Lahcen Ikassrien is a citizen of Morocco who was held in extrajudicial detention in the United States Guantanamo Bay detainment camps, in Cuba.
Ikassrien's Guantanamo ISN was 72.
The Department of Defense reports that Ikassrien was born on October 2, 1972, in Targuist, Morocco.

On June 16, 2014, he was arrested in Madrid accused of jihadism. He received a 10 year sentence, on September 30, 2016, after being convicted of recruiting individuals to go to war-torn Syria.

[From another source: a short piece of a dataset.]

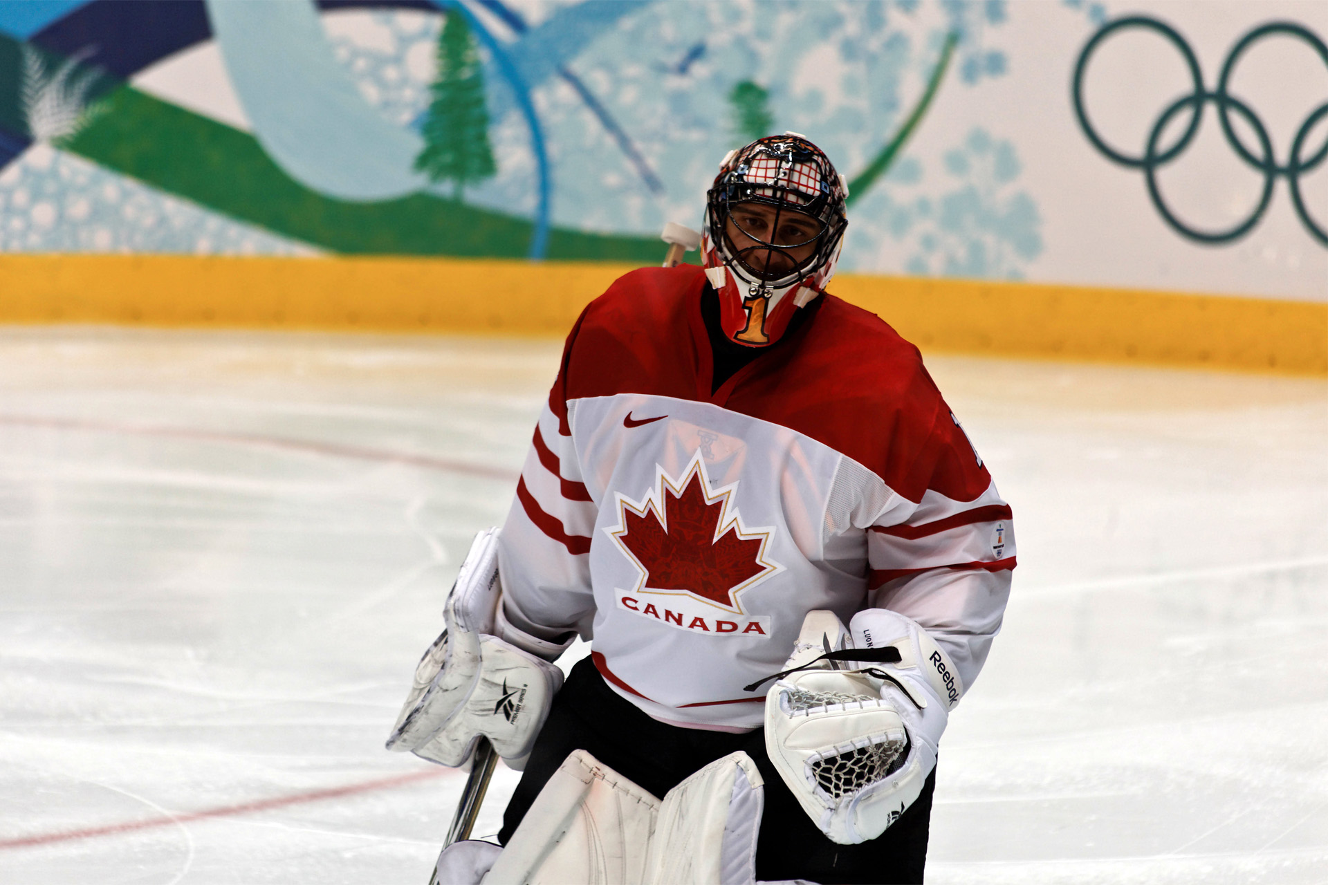 Canada goaltender Roberto Luongo gets ready for the second period of the gold medal game against United States during the 2010 Winter Olympics.

Ikassrien alleged that he and other Guantanamo Bay detainees were tortured during their detention, and a Spanish magisterial investigation concluded that they had been subject to abusive interrogation techniques.

==Background==

When Ikassrien was first captured authorities thought his name was Reswan A. Abdesalam.
His real identity was revealed through his fingerprints.

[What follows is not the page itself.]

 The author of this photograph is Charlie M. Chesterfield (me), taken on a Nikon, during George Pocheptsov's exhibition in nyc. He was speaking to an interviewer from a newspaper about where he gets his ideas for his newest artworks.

Ikassrien was believed to have ties to Imad Eddin Barakat Yarkas, a mastermind of the Madrid bombing.

On July 18, 2005, Ikassrien was extradited to stand trial in Spain.

The International Herald Tribune reported that Ikassrien was acquitted on October 11, 2006.

===Official status reviews===

Originally the Bush Presidency asserted that captives apprehended in the "war on terror" were not covered by the Geneva Conventions, and could be held indefinitely, without charge, and without an open and transparent review of the justifications for their detention.
In 2004 the United States Supreme Court ruled, in Rasul v. Bush, that Guantanamo captives were entitled to being informed of the allegations justifying their detention, and were entitled to try to refute them.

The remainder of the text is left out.